In relation to this, rather than emphasising CCE, a subject that is not examined in the external National Examinations, from the interviews generally teachers in the four schools put more emphasis on external National Examination subjects that would bring visible performance indicators.
It was apparent that in this research, CCE ‘has been challenged by the performativity discourse’ (Jeffrey, 2002: 531) that ‘prioritized the pursuit of excellence and accountability by focusing on the satisfaction to be gained from the achievement of goals and improvements in performance’ (Jeffrey, 2002: 532).
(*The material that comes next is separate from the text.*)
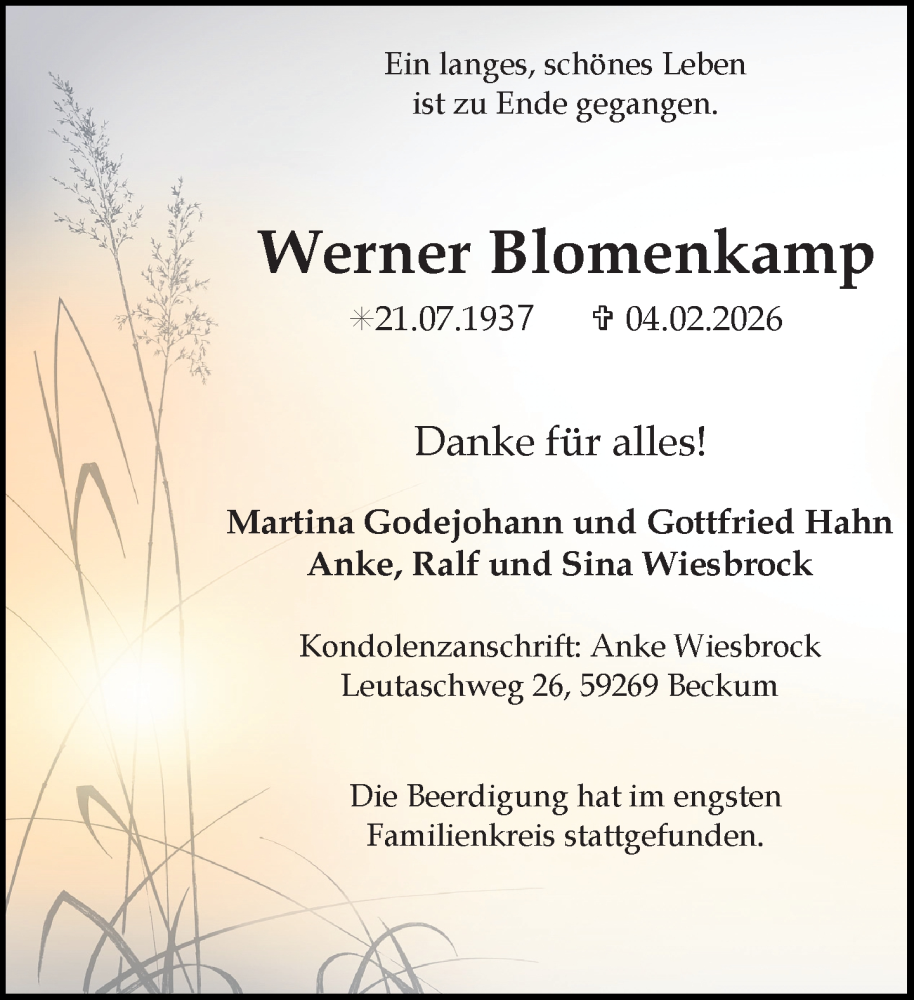 Hier finden Sie alle Traueranzeigen aus der Zeitung, die bisher für Werner Blomenkamp erschienen sind. Weitere Traueranzeigen, die in der Zeitung erscheinen, werden hier ebenfalls aufgelistet

Despite the purpose of education, as envisaged by the National Education Philosophy which is to develop a wholesome person
in terms of physical, emotional, spiritual and intellectual, to a high number of respondents, it is more towards ‘human capital development’ (Cempaka 9). In fact, ‘raising the achievement levels of pupils in national tests to ensure a high position’ (Jeffrey, 2002 : 531) in the state and national educational ranks was still the main focus of most teachers. Teachers in this study generally could be identified as ‘performative’ (Ball, 2003 : 226) as they placed more emphasis on examination subjects. This was influenced by the pressures not only from macro and meso levels but also from parents, whom according to a senior non-CCE Chinese teacher in Bakawali school would prioritise academic achievement in choosing the school for their children. Meanwhile, to a CCE teacher who was also the Afternoon Session Senior Assistant in Anggerik, the school’s main agenda was to achieve excellent academic results, as this was the expectation of external school society. Thus, Ball et al., (2012: 72) emphasised that ‘policies do not get enacted in isolation’, the external pressures of performativity discourse could mediate the way CCE is translated and enacted at the micro level.